雅克·拉康(Jacques Lacan1901-1981

原始的快樂衝動與母親的身體相關聯,並威脅象徵。它要揭開那導向理性或意識之統一表象的過程。它要將統一暴露為統一與碎裂交替出現和反覆衝動這一過程之僅僅的一個時刻。克里斯蒂瓦說,這就是為什麼必須將母親的身體變成「卑污的」,因為只有這樣孩子才能成長為一個恰適的主體。卑污不是一個客體,不是一個與自我相關聯的東西。可它具有客體的一個屬性,即與主格「我」(I)相對立的屬性。卑污就是令人噁心的東西,它讓你直想嘔吐,它位處邊界但並不尊重邊界。它自身很難說具有某種確定的質,而毋寧是與邊界的一種關係,代表被拋出那一邊界的某物。卑污威脅着身份:既非善亦非惡,既非主體亦非客體,既非自我亦非無意識,而是威脅這一切確定劃界的某物。

克里斯蒂瓦以出生事件作為原型的卑污經驗。在人出生的那一剎那,其主體身份受到最激烈的質疑。誰能確定地說出在臍帶被切斷之前究竟是一個還是兩個主體?出生事件標記了難以界定的邊界以及因此而帶來的卑污。尚未成為主體,也不能是客體,卑污與原古性的母親是一體的。而後才是客體,從母親的體內被排出,即成為被拋出來的客體。於是母親的權威就調控着那清晰而確定的自我的邊界以及口腔和肛門衝動的邊界。現在是食物,而不再是身體,被送入口中;是糞便,而不再是身體,被排出肛門。克里斯蒂瓦發現,無論主體或社會均須依賴於象徵,依賴於對這一母親權威的抑制。正是在這一點上,克里斯蒂瓦給精神分析理論帶來了新鮮的洞識。她重新闡釋了父親功能和母親功能的邊界,並突出了其問題之所在。

這一「被拋出的客體」即主體發覺其自身處在一個痛苦的境地:他既(不)可能與母親分離又(不)可能與其同一。對於那個身體,那個無邊界的身體,那個他被從中拋出來的身體,那個卑污的東西,他既痛恨又恐懼。但是這種憎恨和恐懼又可能導致初始自戀情結和其尚未獲得的語詞的出現。它們另一方面也保護「主體」不致淪入初始的自戀情結,並指向因與母親身體之統一性的喪失而引發的諸多危機。

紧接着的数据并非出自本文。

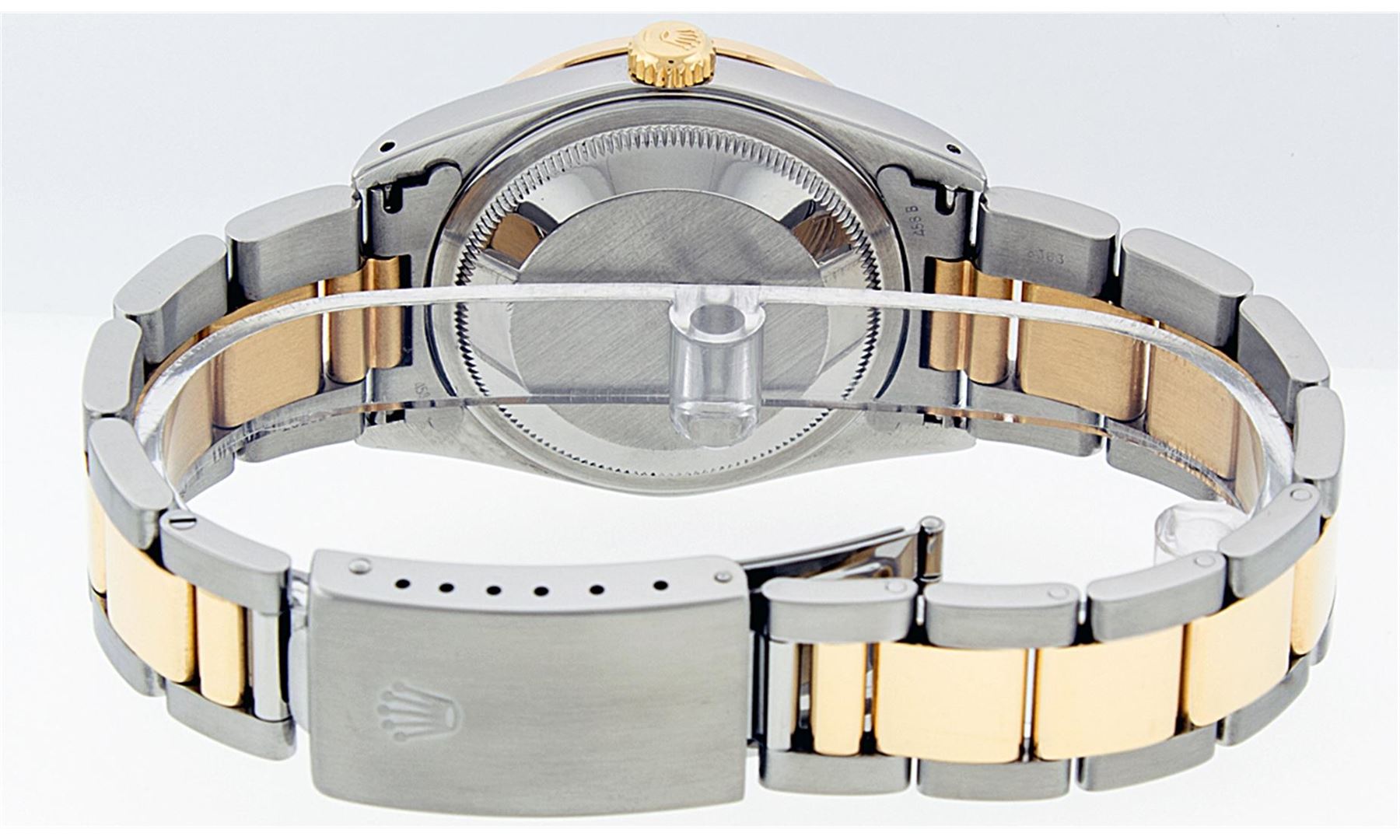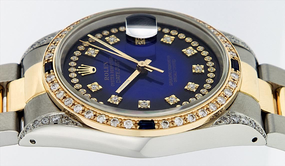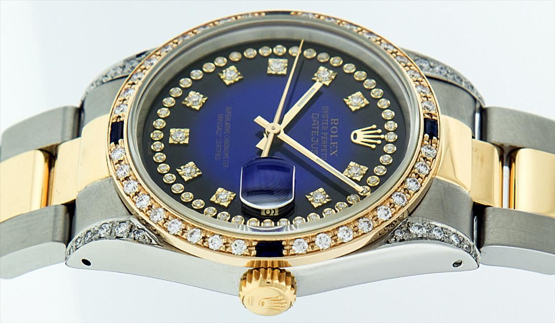 One Gents 18K Yellow Gold Two Tone Rolex Datejust Polished, Serviced & Electronically Tested, 18K Yellow Gold & Stainless Steel Case:36mm, Diamond Lugs On Case, Diamond Count: 16 Diamonds On Lugs, Color: G To H, Clarity: VVS. 18K Yellow Gold Crown, Custom Bezel: 18K Yellow Gold Sapphire Beadset Diamond Bezel, Diamond Count: 36 Diamonds + 4 Sapphires. Total Weight 1.00 Carat, Clarity: Si-VS, Color: G to H. Custom Crystal: Synthetic Sapphire Cyclops Lens. Movement: Automatic Winding Movement Caliber 3135. Custom Dial: Blue Vignette String Diamond Dial VVS, Diamond Count: 58 Diamonds In Dial, Color: G To H, Clarity: VVS, Date Window: 3 O'Clock Position Date Display, Quickset, Model: 16233 Condition: G-6 Extra Fine The Watch Is In Very Good Condition Free Of All Scratches And Dents. Bracelet: Two Tone 18K Yellow Gold & Stainless Steel Oyster Band. Bright Polish. 7.0 Inch Length, Adjustable. Standard Clasp, With Rolex Logo.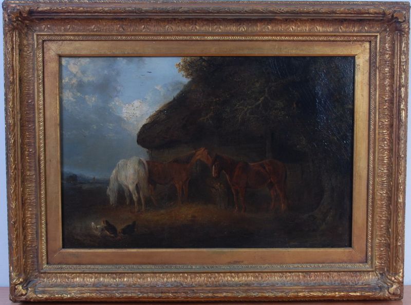 Horses and chickens before a barn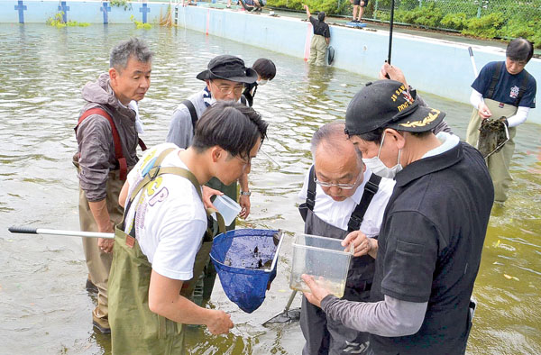 昆虫好きの市長も夢中、川口で水生昆虫を調査 プールからトンボの幼虫を救出、公園の池に放流 2020/06/14/00:00 捕まえたヤゴを見る奥ノ木信夫市長(手前右から2人目)ら=12日、川口市芝園町 この写真の記事に戻る
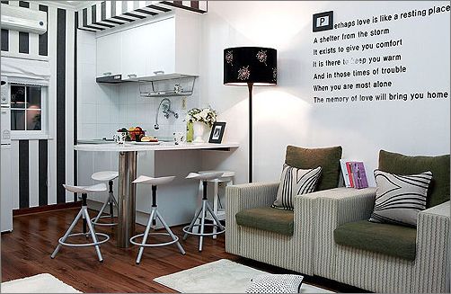 厨房空间 无论是黑色的落地灯,还是厨房墙壁上的黑白线条,或是白色的餐桌和椅子,都使这个房间显得无比优雅端庄。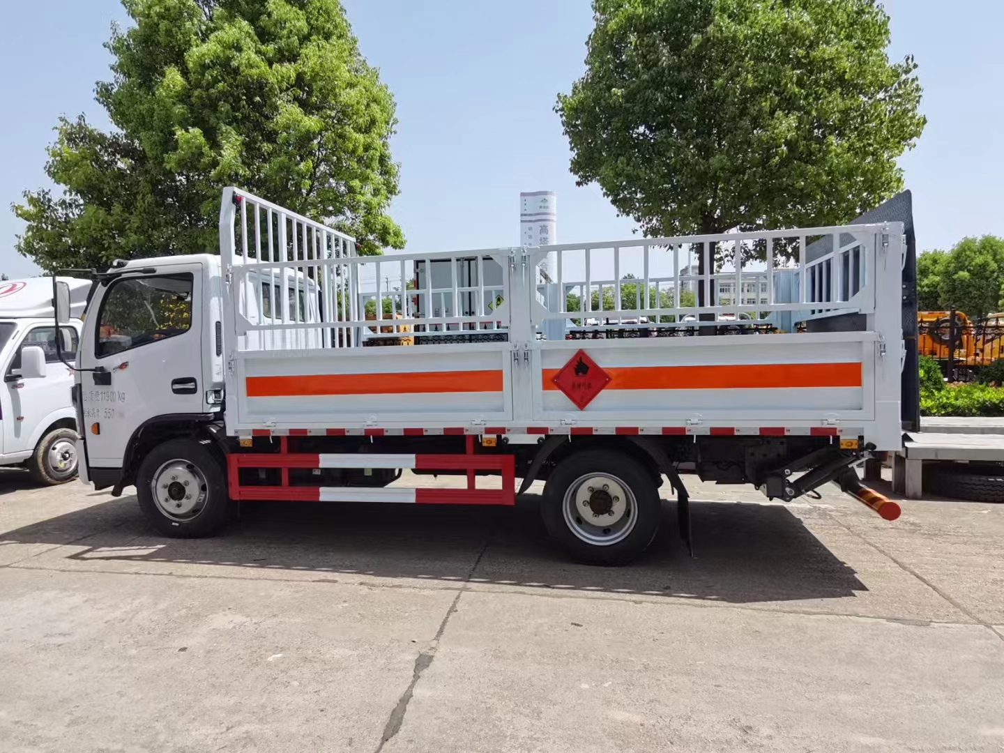 提到該款車型的重點在于該車額載大,同類型車中該車額載可達7.7噸,客戶拉重貨不用擔心超重的問題。東風福瑞卡國六4米5氣瓶車采用的是東風危險品專用底盤,云內150馬力發動機,廂體尺寸4500*2300*550mm。2030mm寬新款單排駕駛室,188雙層大梁,萬里揚6檔變速箱,245真空胎,前橋2.7噸,后橋5.5噸,帶原廠空調、中控鎖、電動門窗、防爆胎應急裝載,車廂采用的是冷板等鋼材焊接而成的高欄結構,高欄活動可拆卸,兩側欄板下翻轉,后部欄板下翻轉,欄板內兩側可選卡槽,前龍門架齊全,鋪設防靜電膠皮,箱體采用的是橙色反光帶、紅白相間反光板,安全告示、滅火器。

(本文作者:波拉·祖潘茨·艾塞莫維茨;譯者:金惠敏;2020-11-02 10:33 來源: 實踐與文本標題英譯:A Dialectic Space between the Semiotic and the Symbolic: A Critical Study of Julia Kristeva’s Philosophy by Paula Zupanc Ecimovic (Slovenia)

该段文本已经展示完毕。